Exactly what is it about a difficult time that makes us want to write?

Photo credit: Saada Branker
“I’m going out on the road to find out what it’s like to be poor and needy and then I’m going to make a picture about it.”
– John L. Sullivan in Preston Sturges’s film Sullivan’s Travels [1941]
Years ago, my friend told me she stopped journalling. We were in our twenties then. Everything tortured us, although we acted like nothing did. “I was only writing when things weren’t going well,” she explained. Lost love, lost opportunity, lost anticipation. She said she suddenly realized anyone reading her diary would mistake her life to be a sad one, something far from the truth. She had loved happily—people and moments and herself. “When everything was wonderful, who had time to write?”

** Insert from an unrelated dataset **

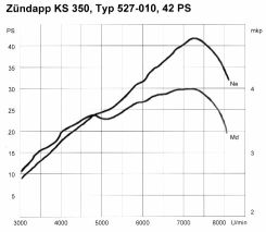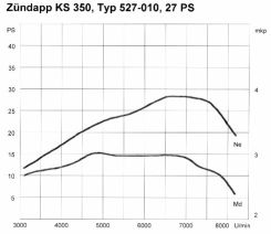 Mittlerweile war es Frühjahr 1976 geworden, und die Zeit drängte. Schließlich sollte auf der IFMA im Herbst ein präsentations- und fahrfertiger Prototyp stehen, daneben sollte noch eine zweite Maschine für den Fahrbetrieb aufgebaut werden. Von einer 250er war nun nicht mehr die Rede, Zündapp konzentrierte sich aus Kostengründen ausschließlich auf die 350er. Ohne direktes Vorgängermodell, an dem man sich hätte orientieren können, entstand ein sehr modernes Motorrad, das es zumindest technisch jederzeit mit der starken japanischen Konkurrenz es hätte aufnehmen können. Herzstück der KS 350 war ein schlitzgesteuerter Zweizylinder-Zweitaktmotor mit horizontal geteiltem Gehäuse - schon das der erste Bruch mit allen Traditionen des Hauses. Die beiden Mahle-Kolben wuchteten ihre Kraft auf eine vierfach gelagerte Kurbelwelle. Mit einem 28er Mikuni-Vergaser ergaben sich 27 PS bei 6800 U/min, die leistungsstärkere Doppelvergaservariante lieferte 40 PS bei 7300 U/min.

Maybe being confident and daring is nothing compared to the loss we can share with others. Especially when we throw it into a space, either cyber or head, fact or fiction. After a while, writing about struggle and loss for so long with so many other losers gives way to a certain flair in style. We share with a unique flourish, so it’s nice (Ok, therapeutic. Duly noted.) to put pixels to the page and explore with one another what develops.
That Picture: The typewriter. Indeed a universal symbol representing “The writer.” Slip in a blank page, one that stares back at you. Now what do you have?